Why “not” Virtualization?
- Administration of VMs, when more than a few, is more complicated, and sensitive than more than a few physical servers. The different VM interfaces, such as VMware's Virtual Infrastructure Center, and KVM's ovirt, try to address this.
- For live migrations involving movement of a VM from one physical host to another, involves extra IPs, etc. Plus the shared storage, sometimes cluster file systems, etc.
- Various networking problems arise, such as firewalls, routing, switching, bridging etc.
- Some service providers (such as ServerBeach), does not support “bridged connections” from the rented server. This adds extra complexity in managing the physical host's firewall, routing tables, etc.
- Hardware needs to be more fault-tolerant, and relatively powerful, compared to single server/service requirements.
- Console access, block device access, recovery, system trouble-shooting, etc, are complex areas to handle.
Virtualization Technologies
- Para Virtualization
- Works without hardware acceleration.
- Xen.
- Only modified Guest OS can be used as VM.
- Native / Hardware-based Full Virtualization
- Requires CPU based hardware acceleration. (Intel VT-x, AMD-V)
- Bare-metal look and feel. Access to HW is controlled through hyper-visor.
- Virtualization Technologies
- KVM, VMware ESX
- Un-modified Guest OS can be used as VM. e.g. Windows.

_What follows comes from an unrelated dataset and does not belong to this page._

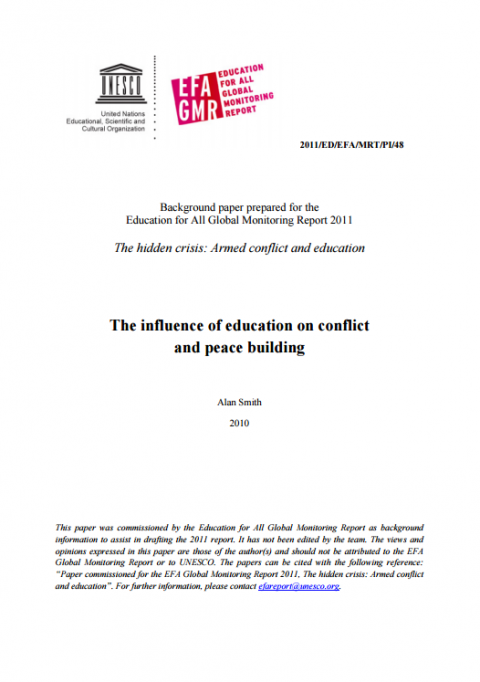 The Influence of education on conflict and peace building Year of publication: 2010 Author: Alan Smith Corporate author: UNESCO The purpose of this paper is to identify aspects of education that may have a positive influence on the dynamics of conflict or make a contribution to peacebuilding. The UN Secretary-General’s (2009) report on peacebuilding identifies a number of recurring priorities in conflict-affected situations, ‘establishing security, building confidence in a political process, delivering initial peace dividends and expanding core national capacity’. These priorities include ‘the provision of basic services, such as water and sanitation, health and primary education’. However, in conflict-affected situations education is also about more than service delivery because it is a means of socialization and identity development through the transmission of knowledge, skills, values and attitudes across generations. Education may therefore be a driver of conflict (fuelling grievances, stereotypes, xenophobia and other antagonisms), but can also be a way of contributing to ‘conflict transformation’ and ‘peacebuilding’.

- Emulation -based Full Virtualization
- Hyper-visor simulates the virtual machine in software, by analyzing all instructions and converting each one appropriately before it gets to the CPU.
- Slower than hardware-based full virtualization.
- Basic technique used by Vmware, for it's initial / basic products, Vmware Workstation, VMware Server , etc.
- QEMU, Bochs.
- OS Virtualization
- OS Chroot environments.
- OpenVZ, Solaris Containers, FreeBSD jails, etc.
- Shared kernel is the single point of failure.
- Application Virtualization
- Application creates a sandbox environment in browser, etc. e.g. JRE .
- API-level Virtualization
- Virtualization provided to support single application.
- e.g. WINE is used to run Windows programs in Linux environment.